Exercise: Return the records from the first line through the line containing "首页材料汇编在XX镇冬季集中教育动员部署会议上的讲话", and leave out the pictures.

Records from a data source
Content starts

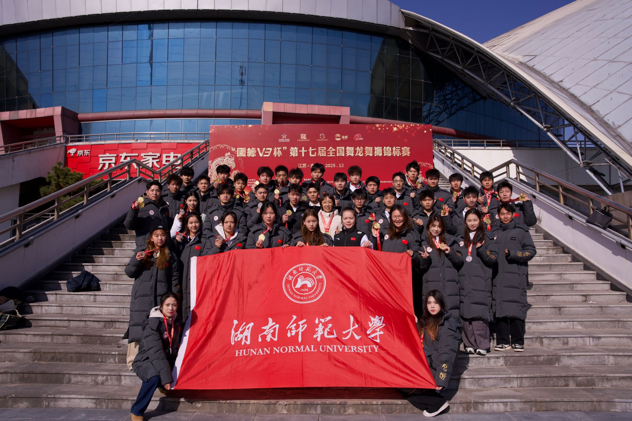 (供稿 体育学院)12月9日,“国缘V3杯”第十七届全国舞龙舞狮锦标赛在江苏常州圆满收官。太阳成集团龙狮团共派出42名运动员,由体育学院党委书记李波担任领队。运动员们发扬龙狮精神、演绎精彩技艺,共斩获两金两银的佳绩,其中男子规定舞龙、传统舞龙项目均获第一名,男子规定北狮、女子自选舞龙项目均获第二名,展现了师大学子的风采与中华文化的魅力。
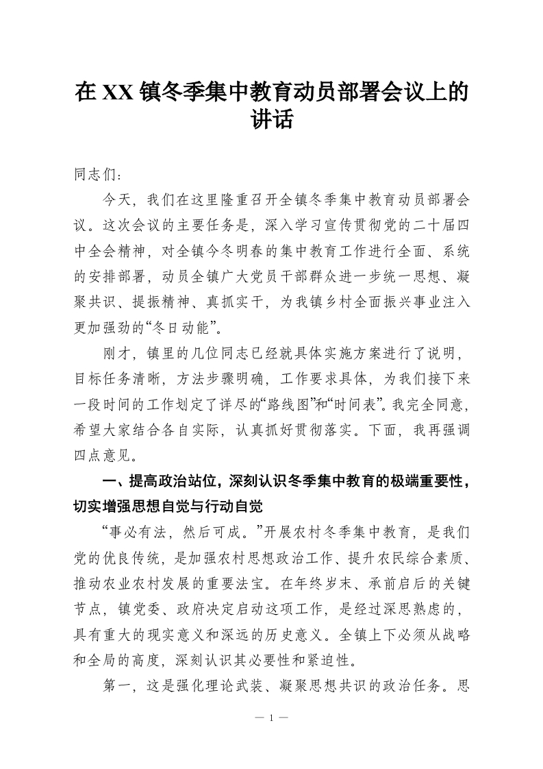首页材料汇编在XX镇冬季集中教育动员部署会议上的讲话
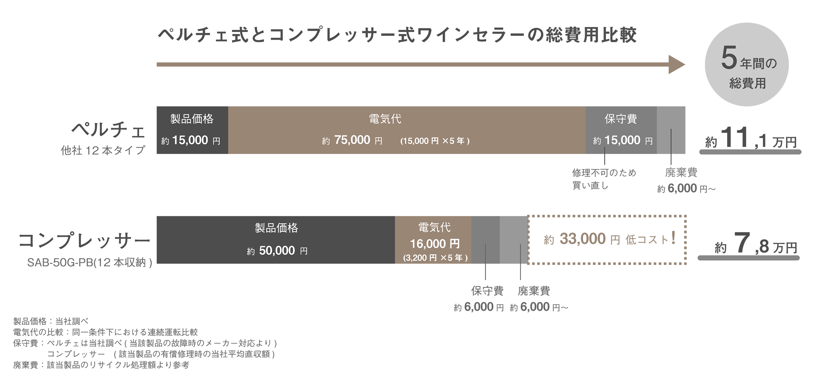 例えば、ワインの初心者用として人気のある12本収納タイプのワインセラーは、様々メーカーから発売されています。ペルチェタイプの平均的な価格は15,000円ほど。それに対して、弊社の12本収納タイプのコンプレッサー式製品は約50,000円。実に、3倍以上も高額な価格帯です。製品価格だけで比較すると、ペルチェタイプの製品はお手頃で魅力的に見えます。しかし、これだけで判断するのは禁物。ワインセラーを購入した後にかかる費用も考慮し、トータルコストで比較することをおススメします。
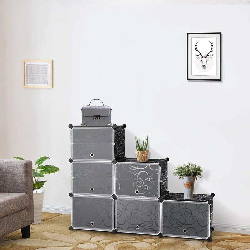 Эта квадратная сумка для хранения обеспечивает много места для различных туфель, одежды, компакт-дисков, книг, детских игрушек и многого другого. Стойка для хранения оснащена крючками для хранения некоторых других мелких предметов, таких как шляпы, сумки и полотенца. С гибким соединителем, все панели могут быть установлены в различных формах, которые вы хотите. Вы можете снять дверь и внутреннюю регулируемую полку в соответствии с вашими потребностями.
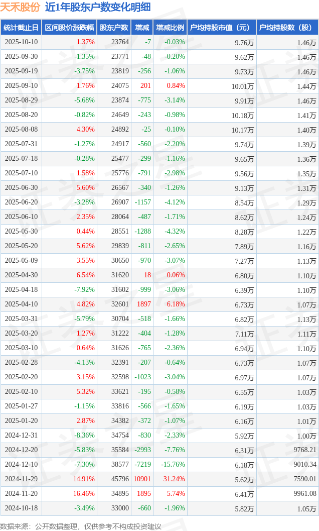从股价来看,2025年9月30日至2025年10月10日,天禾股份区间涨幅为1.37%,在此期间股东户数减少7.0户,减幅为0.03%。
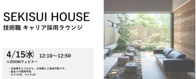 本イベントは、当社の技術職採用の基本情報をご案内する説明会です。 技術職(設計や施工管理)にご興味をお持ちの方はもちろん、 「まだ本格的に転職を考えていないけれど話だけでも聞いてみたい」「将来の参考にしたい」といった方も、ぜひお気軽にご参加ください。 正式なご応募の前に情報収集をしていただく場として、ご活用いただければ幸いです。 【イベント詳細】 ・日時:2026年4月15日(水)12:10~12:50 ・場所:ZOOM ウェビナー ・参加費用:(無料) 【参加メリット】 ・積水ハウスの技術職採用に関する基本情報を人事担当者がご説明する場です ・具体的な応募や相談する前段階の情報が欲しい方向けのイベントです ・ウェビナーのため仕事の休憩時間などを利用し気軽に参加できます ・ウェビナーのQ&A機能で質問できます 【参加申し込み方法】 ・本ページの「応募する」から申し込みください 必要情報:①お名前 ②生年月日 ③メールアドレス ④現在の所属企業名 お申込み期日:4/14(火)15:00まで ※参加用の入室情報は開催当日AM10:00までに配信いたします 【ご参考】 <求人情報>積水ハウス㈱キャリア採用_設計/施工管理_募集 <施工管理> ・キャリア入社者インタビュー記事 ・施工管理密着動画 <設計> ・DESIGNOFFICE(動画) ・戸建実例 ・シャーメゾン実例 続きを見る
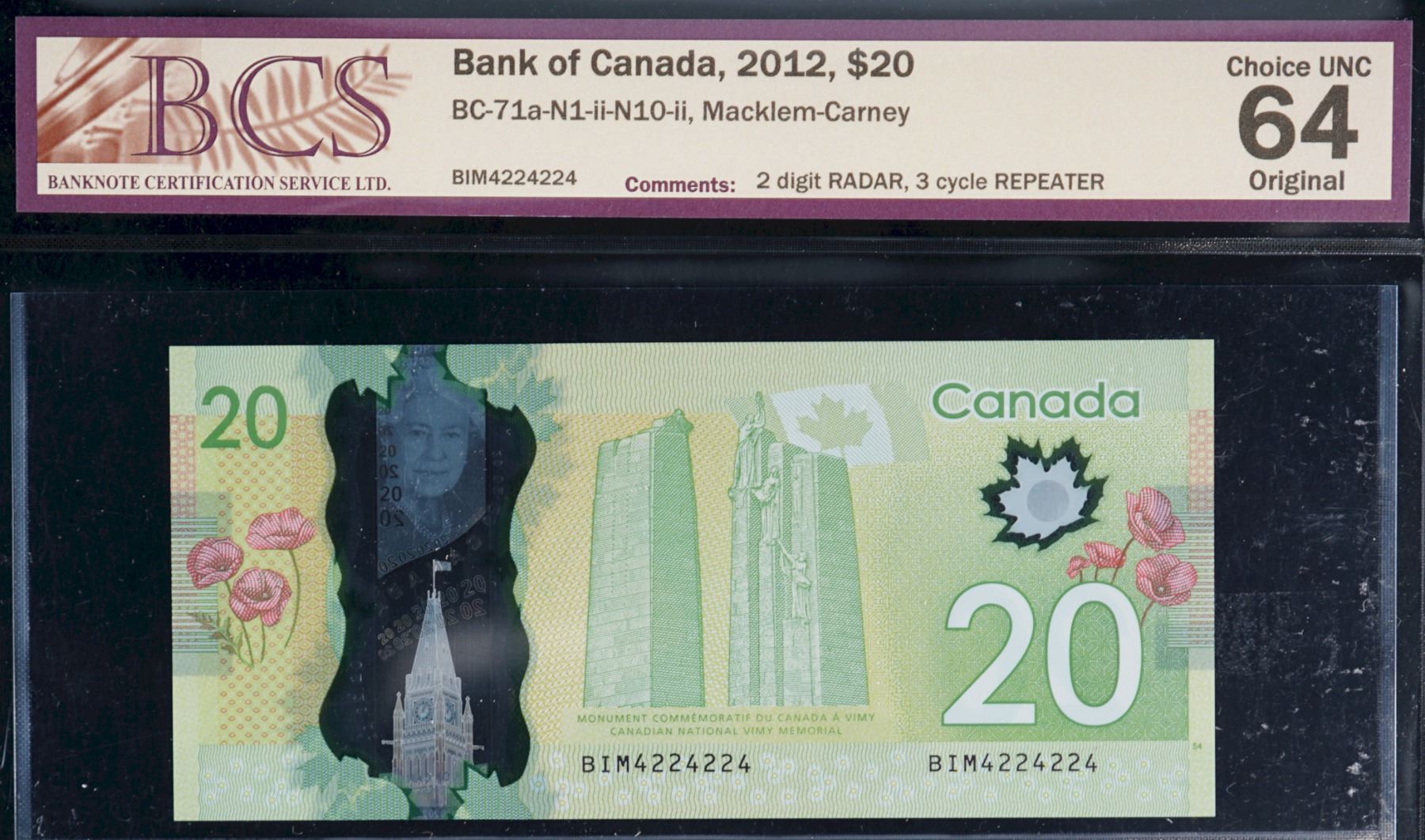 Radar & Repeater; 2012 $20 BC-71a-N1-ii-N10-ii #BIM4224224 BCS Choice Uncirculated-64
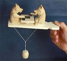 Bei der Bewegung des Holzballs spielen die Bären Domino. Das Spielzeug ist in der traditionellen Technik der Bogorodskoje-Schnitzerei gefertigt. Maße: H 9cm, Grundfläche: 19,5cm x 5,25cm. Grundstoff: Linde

Content ends

Written reply:
 (供稿 体育学院)12月9日,“国缘V3杯”第十七届全国舞龙舞狮锦标赛在江苏常州圆满收官。太阳成集团龙狮团共派出42名运动员,由体育学院党委书记李波担任领队。运动员们发扬龙狮精神、演绎精彩技艺,共斩获两金两银的佳绩,其中男子规定舞龙、传统舞龙项目均获第一名,男子规定北狮、女子自选舞龙项目均获第二名,展现了师大学子的风采与中华文化的魅力。
首页材料汇编在XX镇冬季集中教育动员部署会议上的讲话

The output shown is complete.